Gracias por tu respuesta luis_bcn, seguiré comprando en TiendaMagia, porque tiene una forma de trabajar impecable. Y lo cortes no quita lo valiente. Pero en lo referente a este foro, si que voy a dejarlo definitivamente, porque tanta simpatía, me empalaga, y me voy a ir a aprender a montar láminas yo también, a Barcelona, jajaja.

Saludos.... “multicuenta”.

PD: Multicuenta; una persona, con varios nick´s.

Luisillo luisillo o luisilla luisilla que te la estas ganando y ni  el pobre, Moss te va salvar. jejeje

----------


## LuisJOlmedo

Onlyfive, te voy a enseñar la puerta del foro por donde puedes salir, pero simpáticamente, que para eso estamos en un foro simpático con gente simpática. 

Un feliz y azucarado saludo

----------


## luis_bcn

> Gracias por tu respuesta luis_bcn, seguiré comprando en TiendaMagia, porque tiene una forma de trabajar impecable. Y lo cortes no quita lo valiente. Pero en lo referente a este foro, si que voy a dejarlo definitivamente, porque tanta simpatía, me empalaga, y me voy a ir a aprender a montar láminas yo también, a Barcelona, jajaja.
> 
> Saludos.... “multicuenta”.
> 
> PD: Multicuenta; una persona, con varios nick´s.
> 
> Luisillo luisillo o luisilla luisilla que te la estas ganando y ni  el pobre, Moss te va salvar. jejeje


ostia,sinceramente no me lei nada del post , solo busque el nombre de Rave y en el primer post que vi le puse mi comentaria,me hizo gracia que pasaran estas casualidades y ya esta.
P.d- multicuenta?  Luis , no luisillo ni luisilla listillo , y espero que cambies en la vida y no seas tan chulito , te ira bien

----------


## MagoWinki

Perdonad pero me he perdido... alguien me aclara :Confused:  Gracias xD

----------


## Fredja

Uno que se ha ido antes de que lo echaran....

----------


## MagoWinki

> Uno que se ha ido antes de que lo echaran....

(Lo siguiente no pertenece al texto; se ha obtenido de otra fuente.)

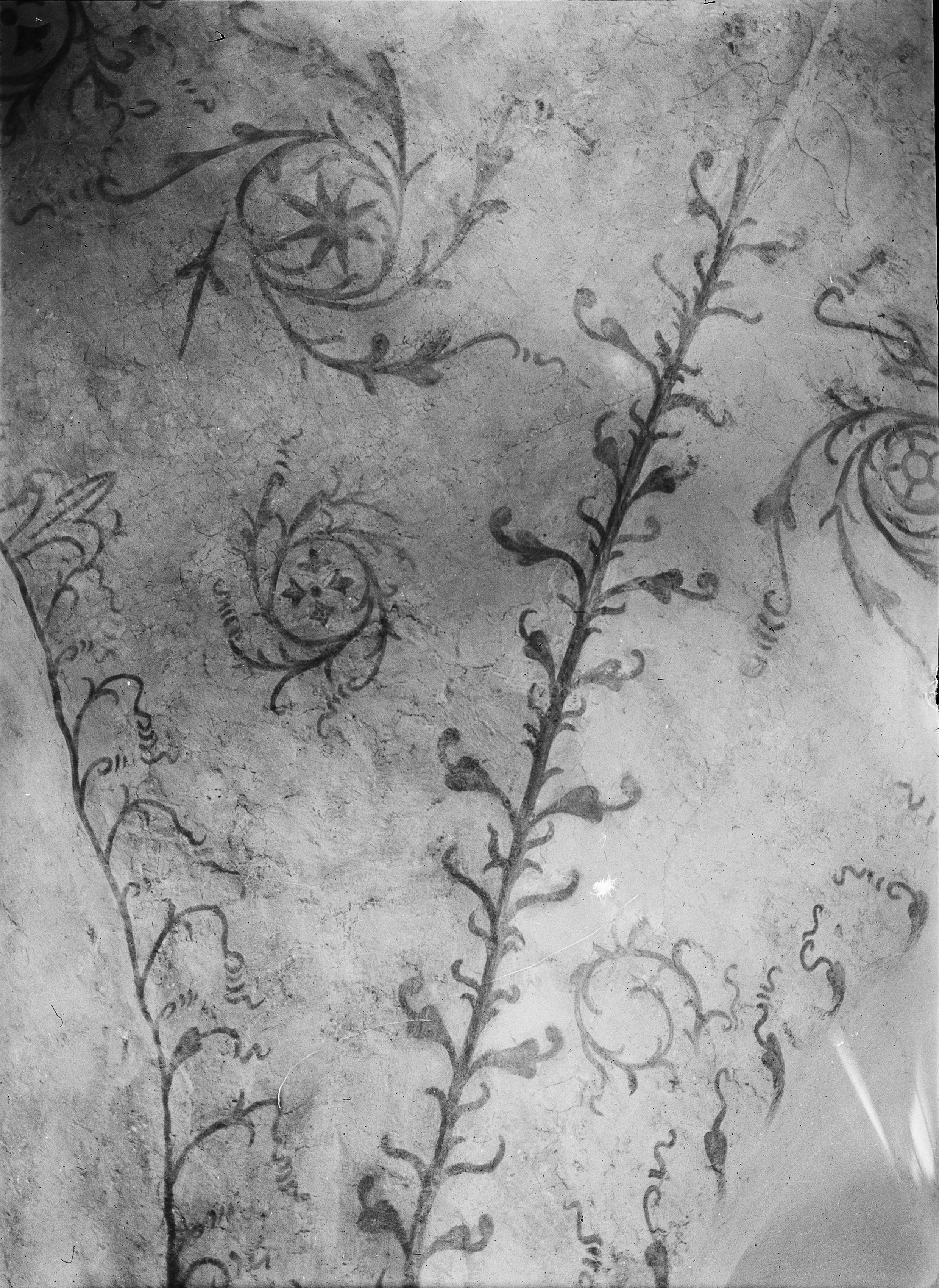 • Kalkmålningar i västra valvet i långhuset. Senmedeltida. Sydväst. Efter kompletteringen.
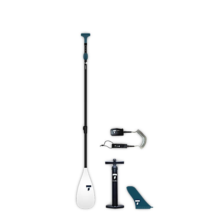 Livré en Pack avec un son sac et sa pompe double action + un leash coil et une pagaie 3 parties réglable aluminium.

Ah! El OnlyFive ese... Pues enemigo que huye punte de plata xD

PD: Gracias por la aclaración fredja

----------


## rave

Os dejo unas fotos de las tragic royalty bajo la luz uv:

Luz natural:


Luz uv:



*


*

----------


## rave

La última creación de Randy Butterfield, la segunda versión de las barajas Ornate:

ornate-gallery_2.jpg

ornate-gallery_7.jpg

ornate-gallery_5.jpg

ornate-gallery_3.jpg

----------


## lalogmagic

Soy yo o de verdad estan feas pero re feas...

----------


## rave

A mi me gustan. Quizás las veas demasiado elaboradas.

----------


## Fredja

> A mi me gustan. Quizás las veas demasiado elaboradas.

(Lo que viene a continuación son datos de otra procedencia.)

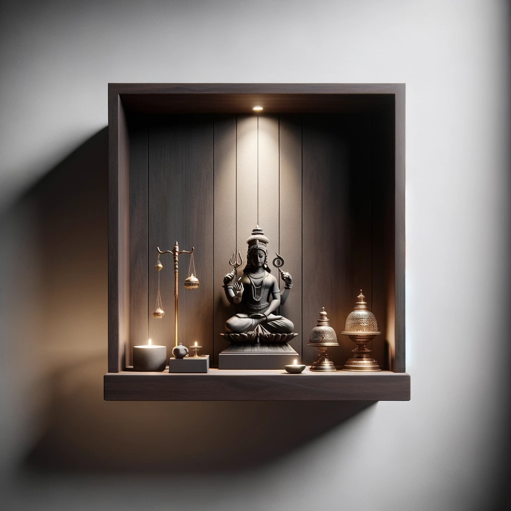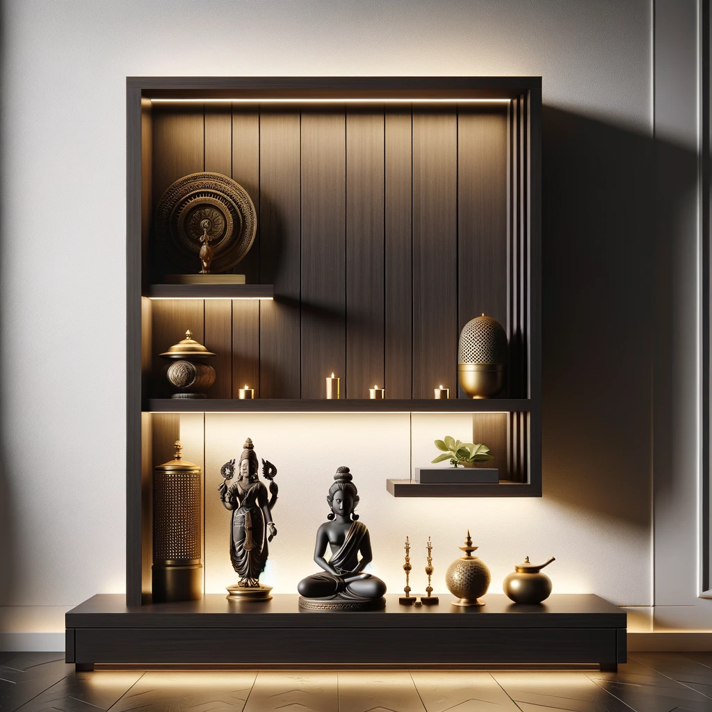 In smaller homes, a simple and minimalistic approach to the prayer shelf can be incredibly effective. A basic unit in a dark wood finish, complemented by subtle backlighting, can create a contemporary and serene prayer space. This design is unobtrusive yet elegant, ensuring that your prayer area fits seamlessly into the modern aesthetic of your home.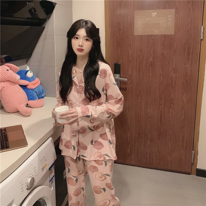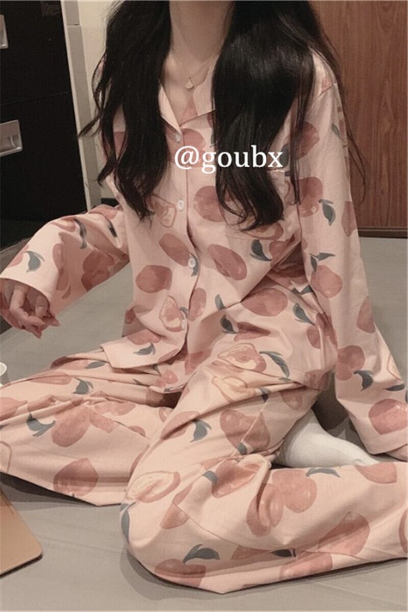 リンゴ柄長袖パジャマ ルームウェア パジャマ 部屋着 寝巻き ナイトウェア ロング ロング丈 袖あり 長袖 Vネック 襟付き 前開き ウエストゴム 上下セット 2点セット ツーピース かわいい 大人可愛い シンプル カジュアル おしゃれ お洒落 大人可愛い 大人女子 こなれ感 ラフ ラブリー キュート ガーリー 主役級 柄 秋 冬 10代 20代 30代 レディース 女子会 お泊まり 休日 着回し 普段使い 重ね着 韓国 韓国系 楽ちん 6610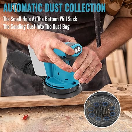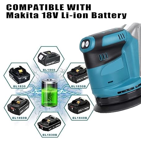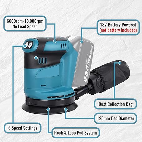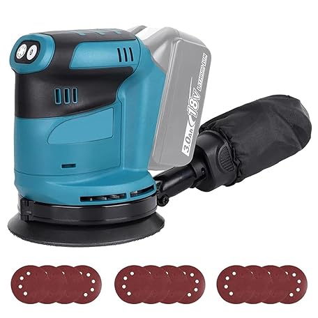 Thông tin sản phẩm Brushless Orbital Sander Compatible with Makita 18V Battery, Cordless Random Orbital Sander with 12Pcs Sandpapers, 360°Rotating Sanding, for Sanding, Polishing Metal/Wood (Tool only,no Battery)

Pues a mi me encantan, son muy de mi estilo :-)

Sent from my GT-B5510 using Tapatalk 2

----------


## Tereso

A mí, simplemente me parecen muy bonitas. No les haría el feo.

----------


## lalogmagic

Entonces soy yo jejeje...

----------


## rave

Acaba de salir al mercado la Baraja Wrath, de Shin Lim.

Es una baraja pensada para magos, dorso simétrico oculto, cartas para juegos específicos y un par de revelaciones.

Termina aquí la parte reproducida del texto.